**Required work:** Please reproduce the lines of the records below from the one holding "With our modular" through the one holding "Сведения о лесных", inclusive, skipping all pictures.
====== Data to process
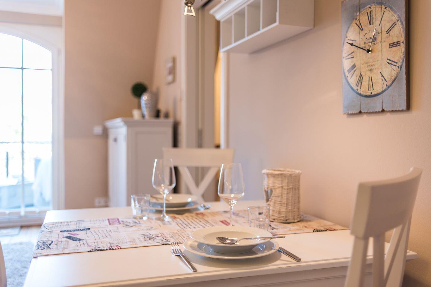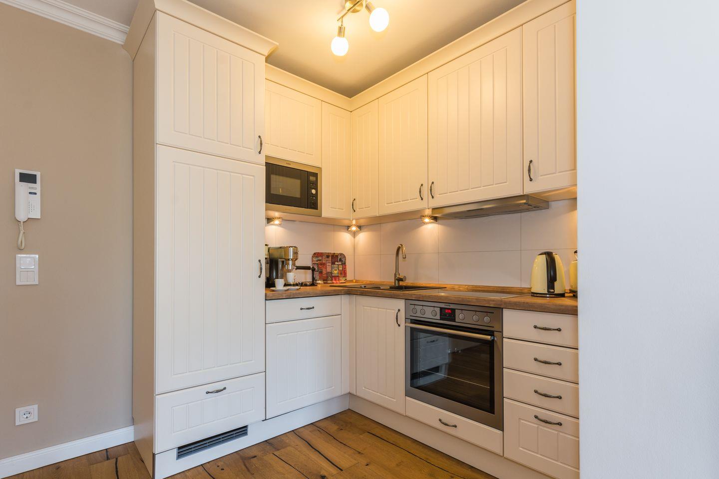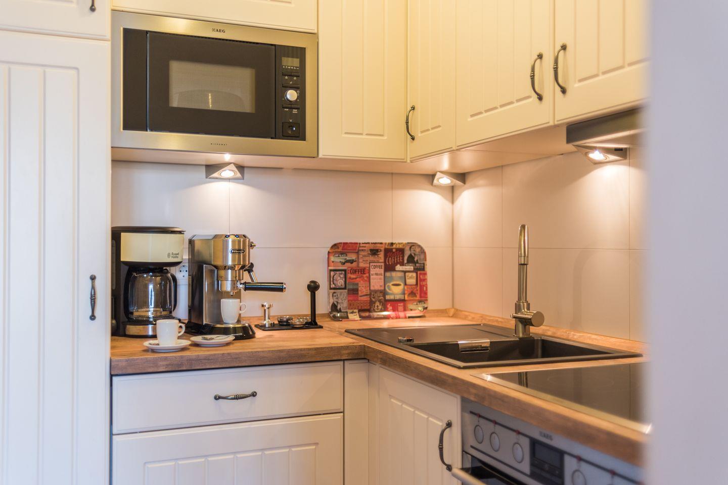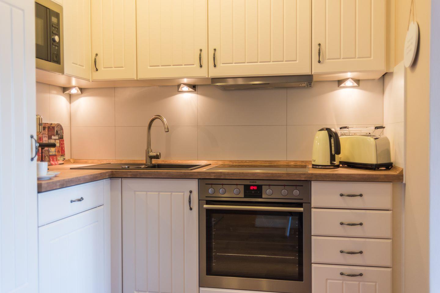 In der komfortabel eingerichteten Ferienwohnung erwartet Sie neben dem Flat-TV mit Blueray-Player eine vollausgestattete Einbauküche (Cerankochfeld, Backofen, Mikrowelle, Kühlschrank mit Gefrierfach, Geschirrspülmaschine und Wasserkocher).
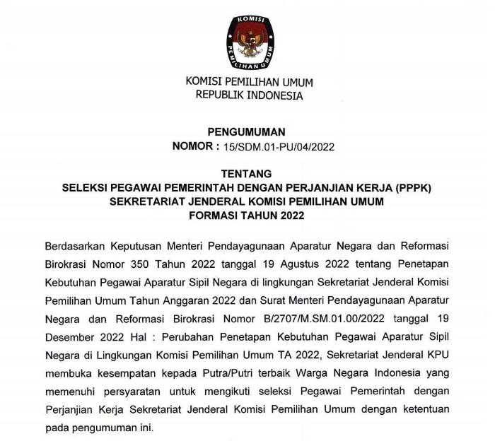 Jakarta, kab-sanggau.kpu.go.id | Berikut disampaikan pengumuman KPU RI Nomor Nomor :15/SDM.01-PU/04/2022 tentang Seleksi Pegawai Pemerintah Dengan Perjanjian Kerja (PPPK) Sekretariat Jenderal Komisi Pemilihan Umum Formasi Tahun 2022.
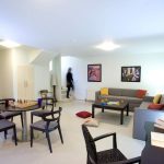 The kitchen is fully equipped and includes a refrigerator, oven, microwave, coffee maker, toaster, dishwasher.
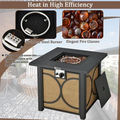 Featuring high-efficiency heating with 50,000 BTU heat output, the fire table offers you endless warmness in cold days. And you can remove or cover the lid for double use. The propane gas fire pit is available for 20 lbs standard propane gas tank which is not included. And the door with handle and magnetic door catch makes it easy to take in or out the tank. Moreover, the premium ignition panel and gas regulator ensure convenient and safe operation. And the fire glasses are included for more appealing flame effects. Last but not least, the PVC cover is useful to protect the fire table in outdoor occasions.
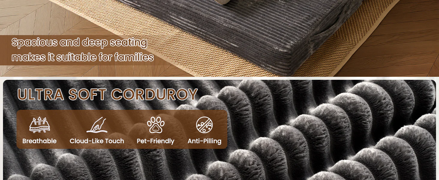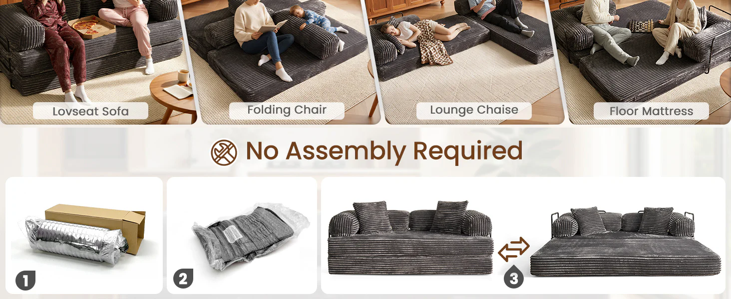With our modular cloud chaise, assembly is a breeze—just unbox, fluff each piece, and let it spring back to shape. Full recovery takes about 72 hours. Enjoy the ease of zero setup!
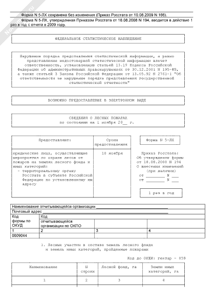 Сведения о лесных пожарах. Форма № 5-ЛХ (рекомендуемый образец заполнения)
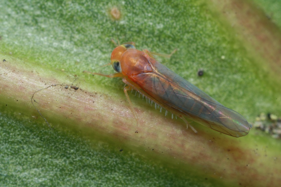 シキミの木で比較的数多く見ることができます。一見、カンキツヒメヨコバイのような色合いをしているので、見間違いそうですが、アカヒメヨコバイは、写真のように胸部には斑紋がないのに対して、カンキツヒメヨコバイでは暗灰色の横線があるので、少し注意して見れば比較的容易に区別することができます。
============
**Exercise output:**
With our modular cloud chaise, assembly is a breeze—just unbox, fluff each piece, and let it spring back to shape. Full recovery takes about 72 hours. Enjoy the ease of zero setup!
 Сведения о лесных пожарах. Форма № 5-ЛХ (рекомендуемый образец заполнения)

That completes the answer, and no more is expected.